В издательстве Vidim Books в прошлом году вышла новая книга стихов Веры Полозковой “lost and found”. Литературный критик и поэт Лев Оборин написал для нас рецензию на этот сборник.
Новая книга Веры Полозковой посвящена памяти матери. Мать, Алла Сергеевна Полозкова, была очень сильной и красивой женщиной — мне повезло с ней несколько раз встретиться. Очень многое в Вере от нее. Ее друзья, читатели, подписчики много знают об их отношениях — о том, как они ссорились, а потом не просто помирились, а навсегда поняли: друг для друга они самые близкие, самые необходимые люди. Разделенные географией, они оставались одним целым. В этой книге можно увидеть фотографии мамы, обращения к ней, стихи, ей посвященные.
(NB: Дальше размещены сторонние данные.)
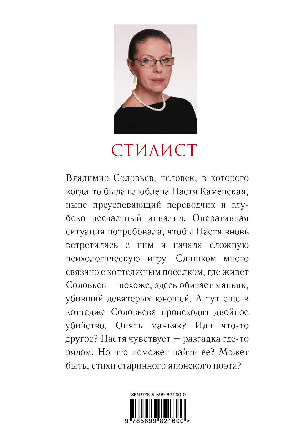 Владимир Соловьев, человек, в которого когда-то была влюблена Настя Каменская, ныне преуспевающий переводчик и глубоко несчастный инвалид. Оперативная ситуация потребовала, чтобы Настя вновь встретилась с ним и начала сложную психологическую игру. Слишком много связано с коттеджным поселком, где живет Соловьев, - похоже, здесь обитает маньяк, убивший девятерых юношей. А тут еще в коттедже Соловьева происходит двойное убийство. Опять маньяк? Или что-то другое? Настя чувствует - разгадка где-то рядом. Но что поможет найти ее? Может быть, стихи старинного японского поэта? «Маринина не только пишет детективные романы, но и отвечает на вечные вопросы. Автор относится к своим читателям как добрый и опытный учитель к ученикам, которые нуждаются в поддержке, подсказке и направлении на верный путь. Оптимистичная и практичная в своей дидактике, Маринина ставит перед собой вопрос "как жить" и старается помочь читателю найти свой путь к лучшей жизни в сегодняшнем мире. Своими детективами Маринина пишет современный роман "воспитания чувств": основная цель автора - воспитание посредством развлечения». - Анатолий Вишевский, Гринелльский колледж, США «Многие романы Александры Марининой в России экранизированы, а в Германии переработаны в радиопьесы. Исходя из того, что цель этих обработок - захватывать зрителей и слушателей таким же образом, как захвачены читатели, то фильм и радиопьеса являются не только дополнительными художественными произведениями, но и интересными интерпретациями, которые проникли в тайну успеха Александры Марининой». - Сара Хэги, Кельнский университет, Германия «В диалогах художественной и тривиальной литературы можно обнаружить разные способы стилизации "устности", чтобы достичь впечатления спонтанного разговора. Обиходная речь в романах А. Марининой отличается необыкновенно высокой степенью оживленности, что выражается, между прочим, в разных формах обращения собеседников, в различных оттенках вежливости и в эмоциональности используемой лексики». - Вольфганг Штадлер, Университет имени Леопольда Францена, Инсбрук, Австрия| Издательство | ООО "Издательство "Эксмо" |

смотри, какая ты. и ямочка у рта.
ты снова будешь та, ты для меня все та:
река густых волос и бесподобный хохот.
прости меня, что я не еду на вокзал.
как правильно, что нам никто не рассказал
в какую бросят жить и умирать эпоху.
Алла Сергеевна умерла в России, и Вера не могла быть с ней в последние дни, не могла быть на похоронах. Горечь, злость и ужас, которые это вызывает, отчетливо слышны в книге “lost and found”, но слышно и другое: тяжело давшееся умение работать с этими чувствами и безоговорочное их признание у других (“о, ты не один в аду отвержения”). Название книги, понятно, — языковой штамп, но особого рода: не бюрократическое растягивание, а сокращение “по делу”. Игра с таким штампом — вмешивание в него дополнительного смысла. Потери и находки, утраты и обретения: можно бы сказать, что из этого и состоит жизнь — но не факт, что говорить такое уместно, когда совсем рядом другие жизни бесцеремонно записываются в графу утрат или когда от жизни отрываются целые куски, и это еще можно счесть за везение.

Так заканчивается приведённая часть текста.